Ontem brilhou as fogueiras da inquisição,
E os tijolos em Auschwitz, na concentração.
Hoje é o pó, a brilhar.
Negros filhos de Deus. Negras nações sugadas.
Prendem correntes de serpentes aneladas,
de ocultas escravidões.
Pintaram sudários em navios negreiros,
e constelações com sangue em chãos estrangeiros,
às dores em erupções.
Se açoites não mais estalam, nem sangue exalam,
mas rolam as pedras, infectas que se instalam,
em pútridos corações.
Onde estão as fogueiras, das noites fagueiras.
Índios de pele nua das noites de lua,
nos seus rituais a dançar?
Soluça a cascata aos dizimados da mata.
Meu Deus! Enxuga o sangue com os mantos teus,
e leva ao sagrado mar.
Áureas plumas, azuladas, rostos pintados.
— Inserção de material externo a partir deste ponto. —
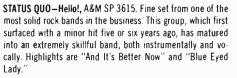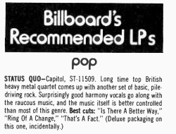 Le 19 juin 1975, Status Quo entreprend sa cinquième tournée américaine et canadienne. Elle comprend 28 dates et le groupe tourne avec des pointures telles que ZZ Top, Aérosmith ou encore Black Sabbath. Capitol, la nouvelle maison de disques chargée de la distribution de disques, aux USA, en profite pour sortir, à nouveau, le single 'Down down'. Inutile de préciser que l'échec est à nouveau au rendez-vous. Pourquoi ce morceau, que les radios américaines refusent de diffuser, rencontrerait-il un succès inexistant six mois auparavant ??? Qu'à cela ne tienne, on tourne la page de 1975 pour se projeter sur 1976 et une autre approche. Cette fois-ci, Status Quo va tourner du 30/03 au 08/05 avec une tournée totalement financée par le management du groupe. 27 concerts avec de gros calibres dans de grandes salles voire des stades ainsi qu'une grosse promotion dans le Billboard du 3 avril doit permettre à l'album 'Blue for you' renommé simplement 'Status Quo' pour les marchés américains et canadiens de décoller. Ca n'arrivera pas, cette galette n'atteindra que la 148ième place du classement de ventes d'albums aux Etats-Unis annonçant le glas des derniers espoirs de succès . Une ultime tentative, l'année suivante, avec 'Rocking all over the world', pourtant mixé spécialement par Pip Williams pour séduire le marché américaine, restera vaine. Le dernier single édité par Capitol, 'Wild side of life', subira le même sort que ses prédécesseurs.

Hoje desdenhados, são pássaros fechados,
com pouco céu a voar.
Almas que ressoam as dores amarradas.
Deficientes vêm, vão, seguem nas calçadas,
abrasivas a ferir.
Riem-se as pedras mostrando dificuldade.
A cada passo sente-se uma imensidade,
e uma colina a subir.
Enquanto o capital acena a áurea bandeira,
chora-se um mar numa só gota verdadeira,
sem trabalho conseguir.
Ia Madalena, e seduzia à melena.
Outras desregradas, famintas, algemadas,
as escravas do prazer.
Lascivos passos, e filhos sem pai nos braços,
leite alterado, a entorpecente temperado.
Langues ventres a sofrer.
A primeira pedra atira, esmera a mira,
mas do olho tira, tua trave que delira,
que faz o amor se esconder.
Enfermos idosos, galgam passos dormentes,
que prendem outras tantas sólidas correntes,
espancados sem perdão;
Ciganos de Sara Kali, magos dançantes,
que fogem no mundo, andorinhas viajantes,
das pedras sem compaixão;
O Apartheid da África do Sul acabou
Vil papel. Vírus que no mundo se espalhou,
cantando separação.
IV Deus
Deus, onde estás? Onde a tua face alcança?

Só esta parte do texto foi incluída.